The Val d'Isere course is less technical than the previous rounds in Mont Ste Anne, Canada, and Windham, New York. Offering no major climbs, it follows a figure eight, with the first loop up the valley bottom lasting three kilometres. The second loop in 1.9 kilometres and takes the riders into the town centre over some man-made features and then up a short single track climb. It is narrow, so passing may prove tough, but it should be fast with little to separate the riders. With a lot of the course winding through the event centre and town, it should make for good spectating.
Catharine Pendrel (Luna) has already won the women's cross-country, with an insurmountable lead after back-to-back wins in the last two rounds, but look for a resumption of the ongoing battle between Pendrel and the 2011 World Cup champion Julie Bresset (BH-SR Suntour-Vallandry Peisey). Others looking for podium spots will be Pendrel's team mates Georgia Gould and Katerina Nash, plus Pendrel's fellow Canadian Olympian, Emily Batty (Subaru-Trek).
On the men's side, the race for the title is still open. Nino Schurter (Scott Swisspower), fresh off winning the Swiss national title, still leads the standings, despite not competing at the last round in Windham. However, his lead has shrunk to a slim 12 points over Burry Stander (Specialized). Stander's team mate, Jaroslav Kulhavy, also has a slight chance of over taking Schurter to defend his 2011 World Cup title. Another rider to watch will be the great Julien Absalon (Orbea), the two time defending Olympic champion. Absalon skipped the last two rounds of the World Cup to go into Olympic preparation, but won the fourth round, also on French soil, in La Bresse.
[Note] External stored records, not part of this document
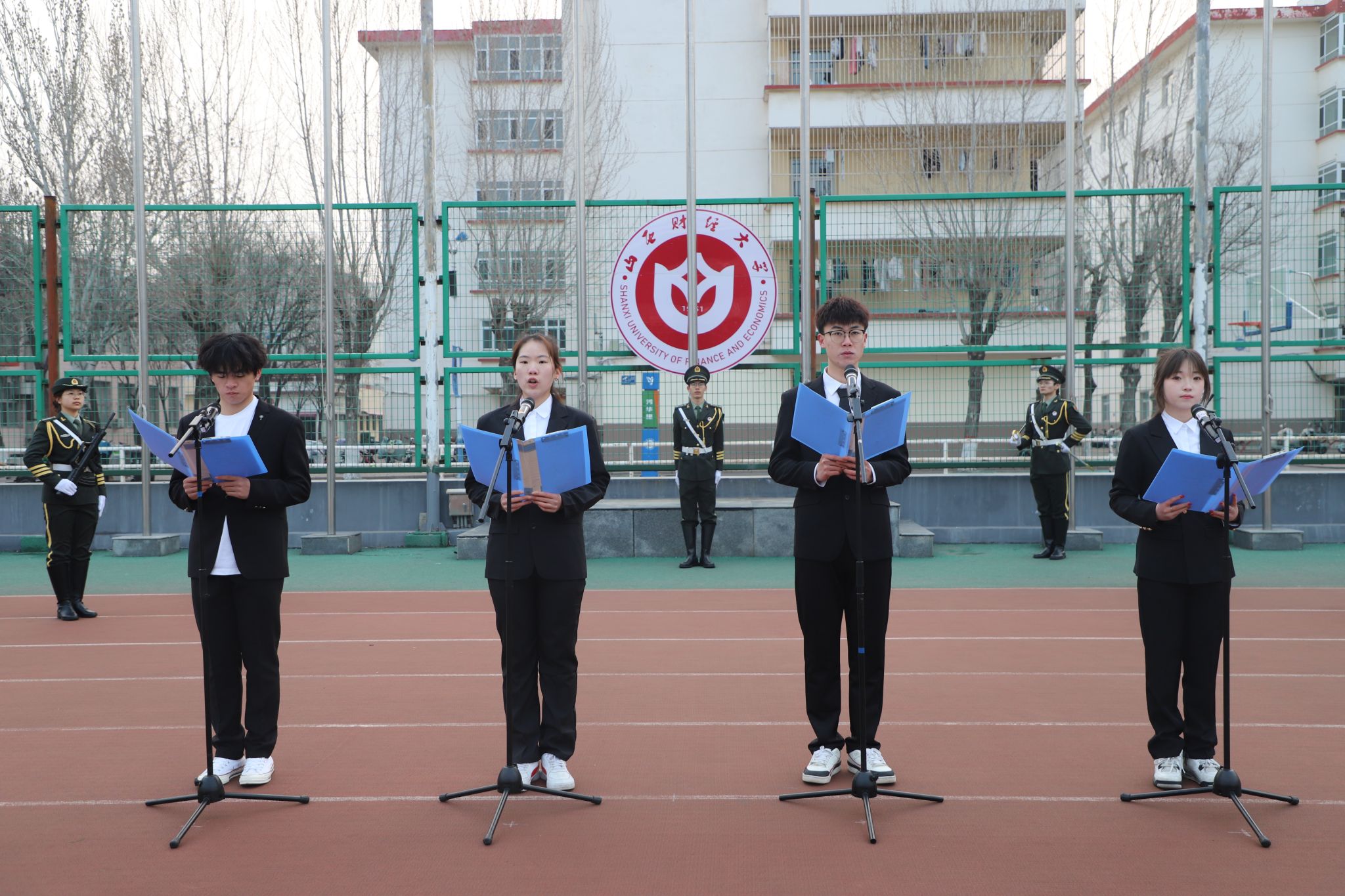 学生代表姚翟乐、覃乐妍、胡梦哲、朱梦晗以《学风筑梦,青春启航》为题进行国旗下的演讲。他们号召全院同学摒弃懈怠、勤学笃行,做到文体兼修、知行合一,以青春之名共建优良学风、共扬体育精神。
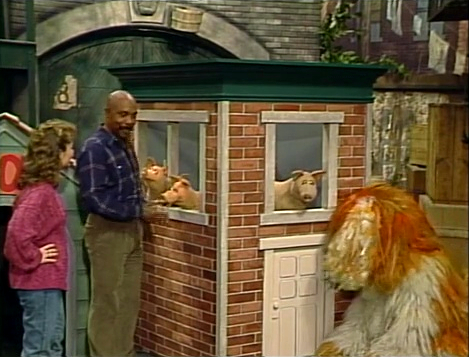 SCENE 4 | Gordon tells Gina about the pig he saw earlier, when he returns, carrying a large stack of bricks. Two more pigs come by with some sticks and more bricks. Gordon and Gina realize that those must be the Three Little Pigs and see the new brick house they've built. Gordon remembers the cow that was around earlier as well, as the cow passes through wheeling a load of lumber behind him. |
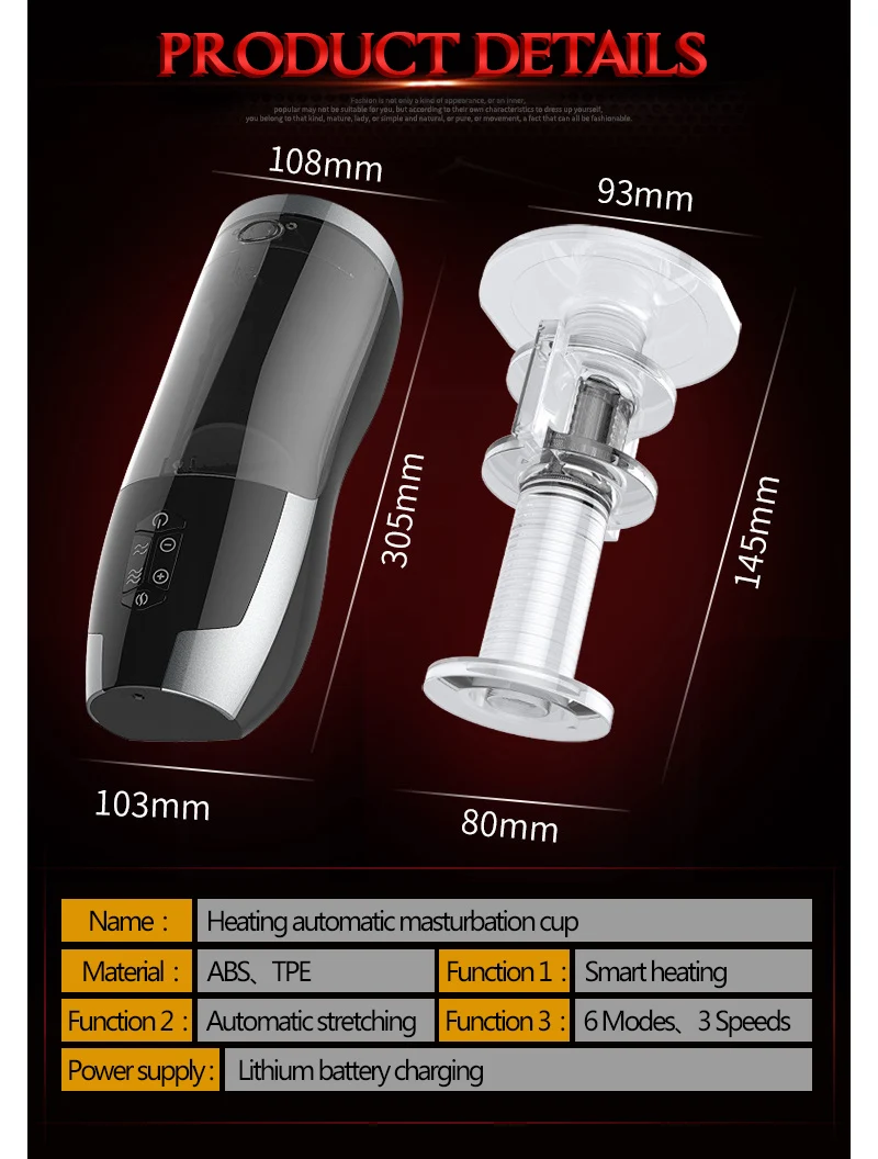 Тип: чашка для мастурбации Материал: Tpe + abs, Tpe + abs Название продукта: Автоматический Поршневой Телескопический мастурбатор для мастурбации с горячим нагревом Цвет: черный Стиль: мастурбатор Шум: Менее 45 дБ Время использования: 1,5 час Размер: 360*130*160 мм
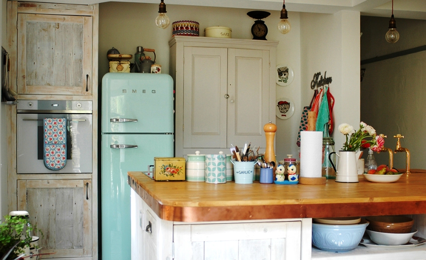 Современный прованс отличается от своего прародителя. Технологический прогресс и нотки архаичности — обязательные спутники, создающие бытовой комфорт. Техника встраивается лаконично и не мешает создавать прелесть деревенской атмосферы в городской квартире. Холодильник и духовка в ретро стиле станут изысканными деталями при оформлении кухни-прованс.
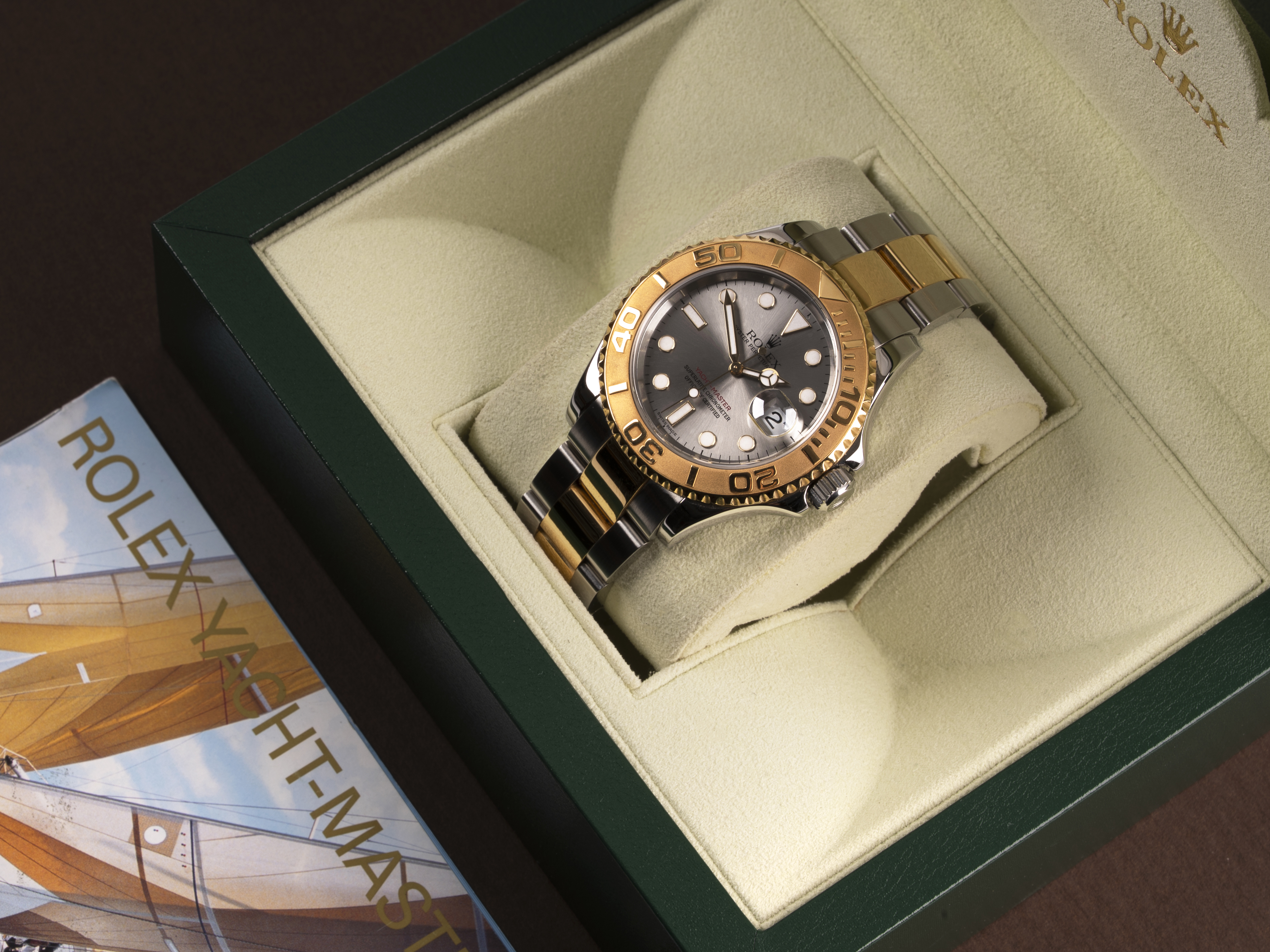 One of the best condition 18ct yellow gold & steel Yacht-Masters we've had in years! Meticulously looked after by the previous owner, this 40mm ref. 16623 is offered in outstanding - unpolished condition, and has been barely worn since it was originally purchased in 2004.
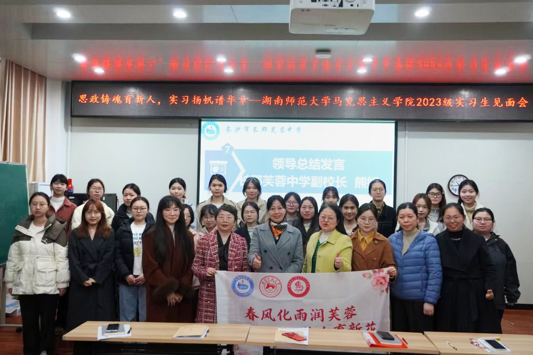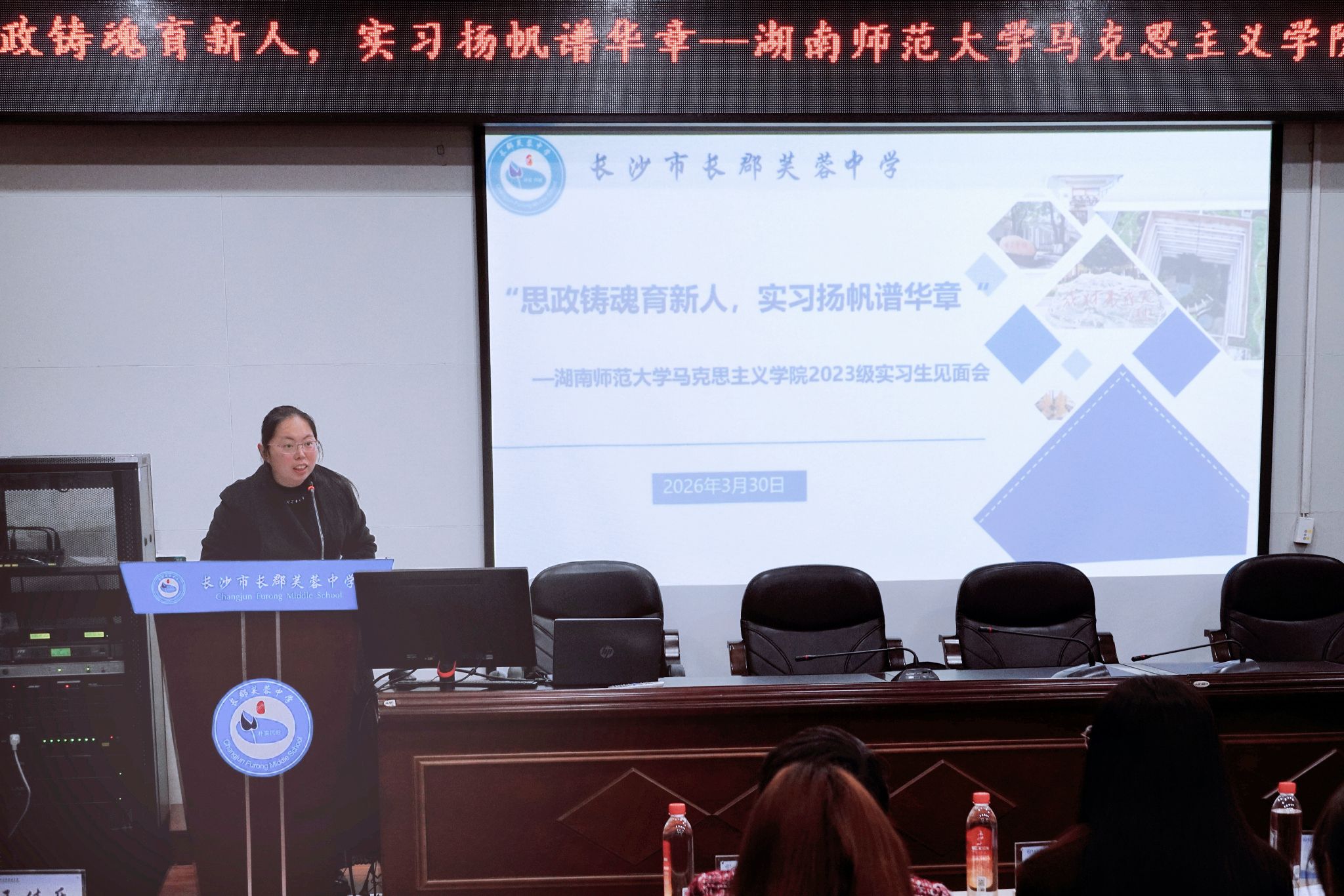 (通讯员 张文婷 古丽加马丽·穆沙 蒲鑫睿)3月30日,长郡芙蓉中学实习队于长郡芙蓉中学一会议室组织开展“思政铸魂育新人,实习扬帆谱华章”实习见面会。长郡芙蓉中学副校长熊妍、教务处主任李娜、教务处副主任张娟、办公室主任贺丽娜、实习队指导老师陈文珍、孟恒艳及全体实习队员参与此次会议。

The Downhill is quite different from previous rounds. At under two kilometres in length, it is a completely open, rocky alpine run, with no tree cover. It will make for excellent TV coverage, and the whole course is visible from the finish. The route follows the infamous Val D'Isere Olympic downhill ski route. It starts just 200 metres below the Super G start from the 1992 Albertville Winter Olympics and passes through a very famous passage called the Ancolie, a narrow, steep gulley between towering cliffs. From there the course is wide and fast, with flat corners and few man-made features. The course enters the finish below the Olympic torch monument and hits a final large wooden drop into the finish bowl. It's going to be love or hate for the riders.
Neither the men's nor women's titles are decided, so there is still a lot on the line. Rachel Atherton (GT Factory) moved into the lead of the women's series at Windham with her third victory of the season. Atherton is now 30 points ahead of former leader Emmeline Ragot (MS Mondraker), who will be looking to regain the lead on home soil. Others to watch will be Australian champion Tracey Hannah (Hutchinson United Ride) and Myriam Nicole (Commencal/Riding Addiction).
The men's title may be mathematically still open, but the 295 point lead of American Aaron Gwin (Trek World Racing) means that his competitors have virtually conceded a repeat World Cup title to Gwin. With four wins already this season in five events, the question will be whether Gwin can match last year's five wins here. However, Greg Minnaar (Santa Cruz Syndicate), the only rider to beat Gwin on the World Cup circuit in the past two years, cannot be counted out by any measure. Gee Atherton (GT Factory) and world champion Danny Hart (Giant Factory) should also be strong podium contenders.